The company’s aeronautics business, which makes the stealthy F-35 fighter jet, posted a 8.1 percent rise in revenue to $5.32 billion.
There were 25 F-35s delivered during the quarter versus 14 from the same period a year earlier. So far, Lockheed has delivered 39 of the stealthy jets towards this year’s target of 91.
The Pentagon and the company are nearing an announcement for a deal for 141 F-35s that would lower the price of the F-35A, the most common version of the stealthy fighter jet, to about $89 million each, down around 6 percent from $94.3 million in the last deal struck in February 2017.
Tanner said profit margins at the F-35 business would continue to improve, but at a slower rate than in years past.
The company’s net income rose to $1.16 billion, or $4.05 per share, in the second-quarter ended June 24 from $955 million, or $3.28 per share, a year earlier.
Net sales rose 6.6 percent to $13.40 billion.
Tanner said the company’s tax rate for 2018 would be in the mid-14 percent range following the U.S. corporate tax cut enacted last year.

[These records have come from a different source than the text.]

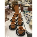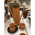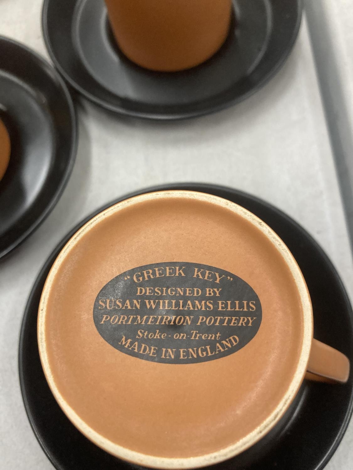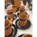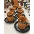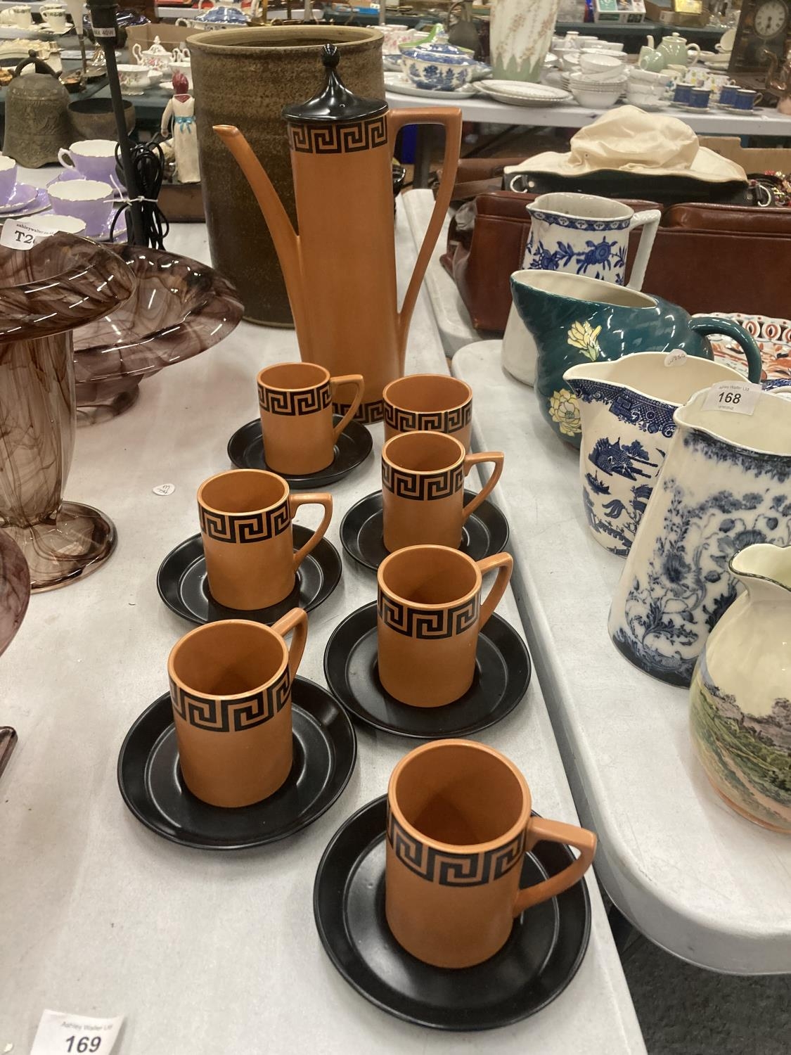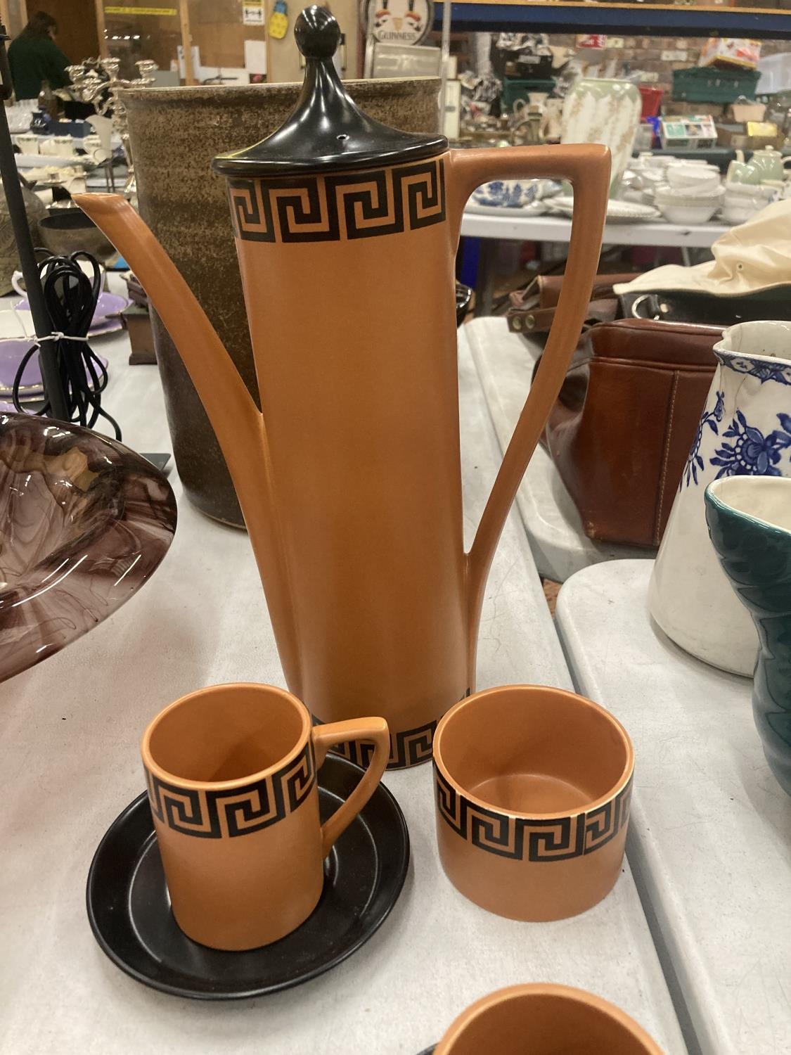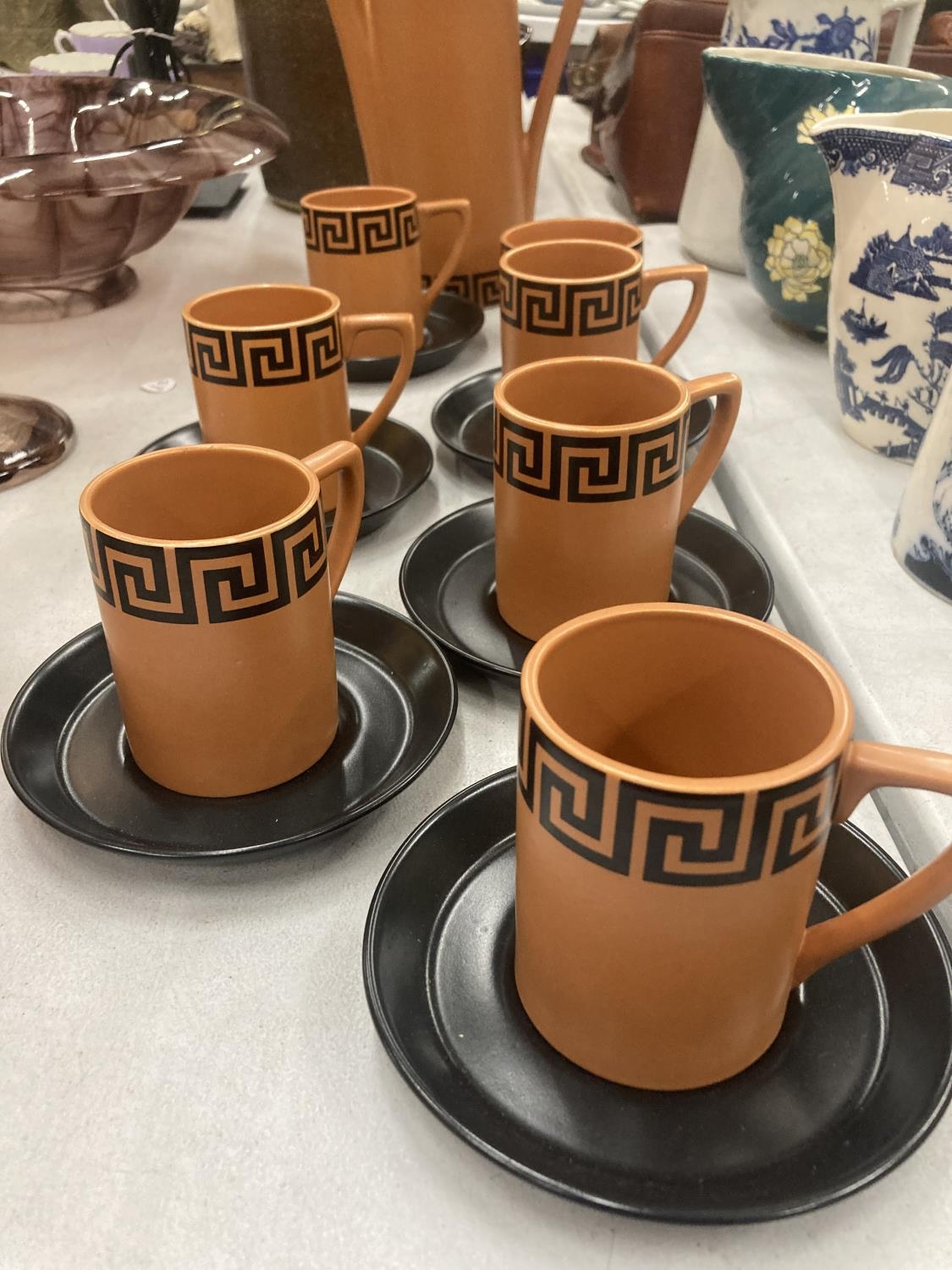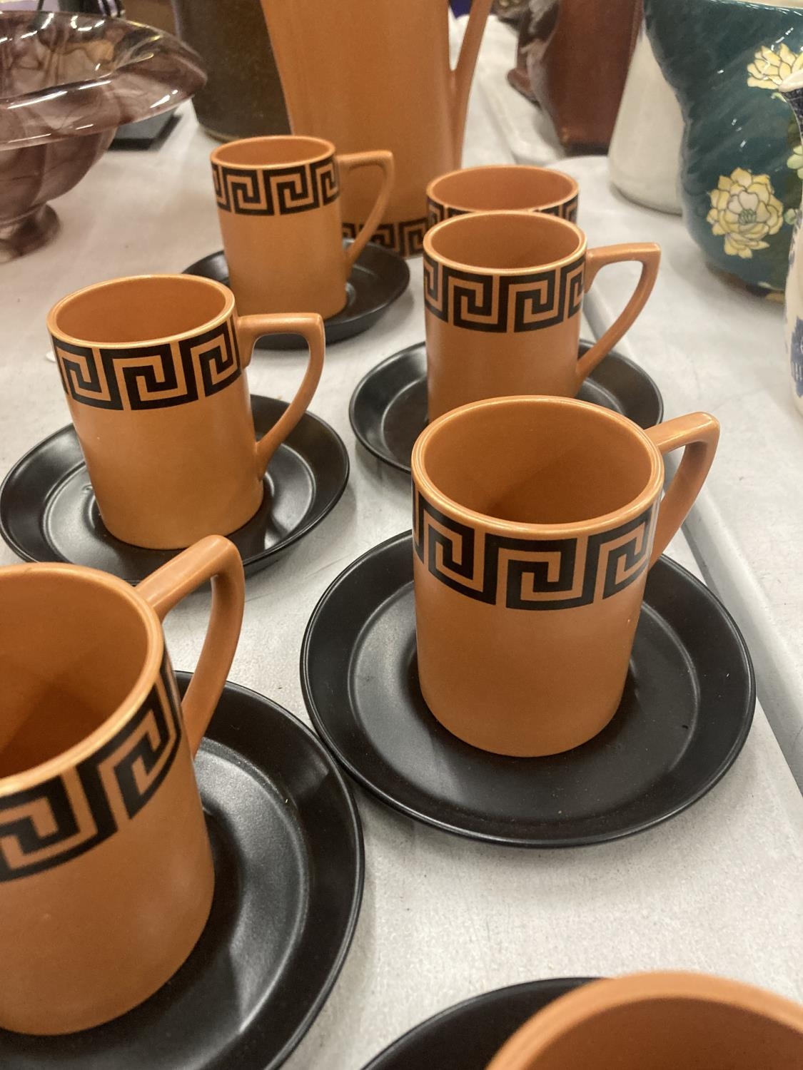 A PORTMEIRION CARAMEL COLOURED GREEK KEY DESIGN COFFEE SET TO INCLUDE A COFFEE POT, SUGAR BOWL AND SIX CUPS AND SAUCERS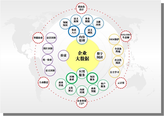 方正阿帕比提出的智慧企業(yè)概念是一種圍繞企業(yè)大數據進(jìn)行的知識管理與服務(wù)的解決方案,它打破了傳統互聯(lián)網(wǎng)以信息形式管理文獻的方式方法,而是圍繞企業(yè)業(yè)務(wù)和培訓需要,進(jìn)行企業(yè)知識的內容管理、知識檢索、閱讀與其它智能化的應用服務(wù),該解決方案全程對內容進(jìn)行語(yǔ)義化,從而使企業(yè)完成從信息化到智能化的升級轉變。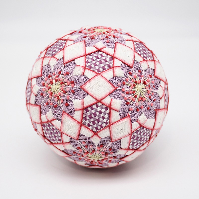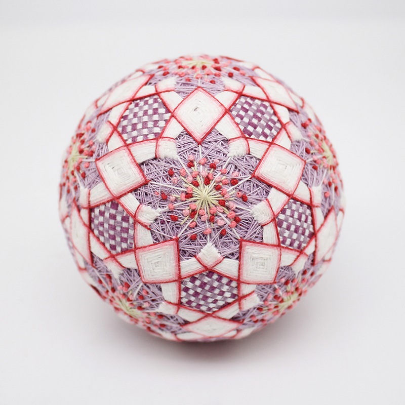 香川に昔から伝わる讃岐の手まりです。木綿糸を丁寧に自然の草木から染めて作られます。何種類ものかがり模様や個性あふれる色合いが魅力です。全て手仕事ですので、世界にひとつだけの手まりをお楽しみください。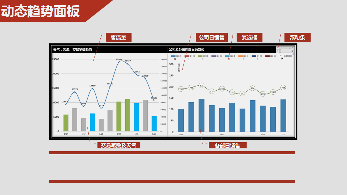 右边:绿色折线图代表公司总销售,下面的柱形代表特定部门的销售。纵坐标代表销售金额,以万元为单位,横坐标为日期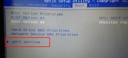2、轉(zhuǎn)到Boot界面,選擇UEFI Setting回車;

He did not expect the rate to stay that low in future years.
Analysts were expecting adjusted earnings of $3.92 per shares and revenue of $12.74 billion, according to Thomson Reuters I/B/E/S.
The quarterly results included a charge of $96 million related to severance and restructuring activities, which reduced net income by $76 million, or $0.26 per share.
“Although Lockheed beating consensus for the quarter is hardly a novel experience, to do this despite the 26 cents of restructuring is an impressive performance,” analyst Robert Stallard of Vertical Research said in a note on Tuesday.
Up to Monday's close, Lockheed's shares had risen 9.7 percent in the past 12 months, compared with a 13.6 percent rise in the S&P 500 index .SPX.